The answer must restate the listing word for word, without its images.

### SUPPLIED DATA
━━━━
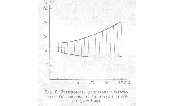 Ширина этого диапазона ЗЧ и значения его граничных частот зависят как от фоновой частоты работы нейрона fф, так и от амплитуды стимула. С увеличением fф диапазон захватывания расширяется. Зависимость этого диапазона от амплитуды стимула при fф = 9 гц представлена на рис. 8.
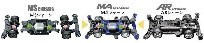 【 駆動効率を追求したMAシャーシ 】MA とは、Midship AERO(ミドシップエアロ)の略。モーターを車体中央に搭載した、ミドシップレイアウトの「MSシャーシ」、走行中の気流(エアロ)を特に意識してデザインされた「ARシャーシ」。それぞれの優れた特徴を1台のシャーシにまとめあげたのがこの「MAシャーシ」です。もちろん、これまでに蓄積されたレーシングノウハウをいかして、3.5:1のギヤ比を採用、6個の低摩擦樹脂ローラーやリヤスキッドバーを標準装備するなど、走行性能も徹底的に磨き上げました。加えて、一体型のモノコック構造の採用で、組み立てやすさやメンテナンス性もさらに向上するなど、初心者からベテランレーサーまで、また、小さめのコースで行われる街かどレースから、大型の特設5レーンサーキットの公認競技会まで、幅広く対応できるシャーシです。
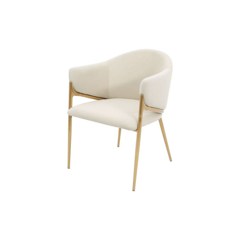 See glamuurne polsterdatud söögitool on kuldse asümmeetrilise raamiga ja harjatud roostevabast terasest jalgadega. Pehmest valgest sametisest kangast iste ja seljatugi lisavad igale söögitoale elegantsi ja luksuslikku ilmet. Mõõdud: laius 60 cm, sügavus 63 cm, kõrgus 76 cm.
━━━━
### OUTPUT FOR THIS TASK
 Ширина этого диапазона ЗЧ и значения его граничных частот зависят как от фоновой частоты работы нейрона fф, так и от амплитуды стимула. С увеличением fф диапазон захватывания расширяется. Зависимость этого диапазона от амплитуды стимула при fф = 9 гц представлена на рис. 8.
 【 駆動効率を追求したMAシャーシ 】MA とは、Midship AERO(ミドシップエアロ)の略。モーターを車体中央に搭載した、ミドシップレイアウトの「MSシャーシ」、走行中の気流(エアロ)を特に意識してデザインされた「ARシャーシ」。それぞれの優れた特徴を1台のシャーシにまとめあげたのがこの「MAシャーシ」です。もちろん、これまでに蓄積されたレーシングノウハウをいかして、3.5:1のギヤ比を採用、6個の低摩擦樹脂ローラーやリヤスキッドバーを標準装備するなど、走行性能も徹底的に磨き上げました。加えて、一体型のモノコック構造の採用で、組み立てやすさやメンテナンス性もさらに向上するなど、初心者からベテランレーサーまで、また、小さめのコースで行われる街かどレースから、大型の特設5レーンサーキットの公認競技会まで、幅広く対応できるシャーシです。
 See glamuurne polsterdatud söögitool on kuldse asümmeetrilise raamiga ja harjatud roostevabast terasest jalgadega. Pehmest valgest sametisest kangast iste ja seljatugi lisavad igale söögitoale elegantsi ja luksuslikku ilmet. Mõõdud: laius 60 cm, sügavus 63 cm, kõrgus 76 cm.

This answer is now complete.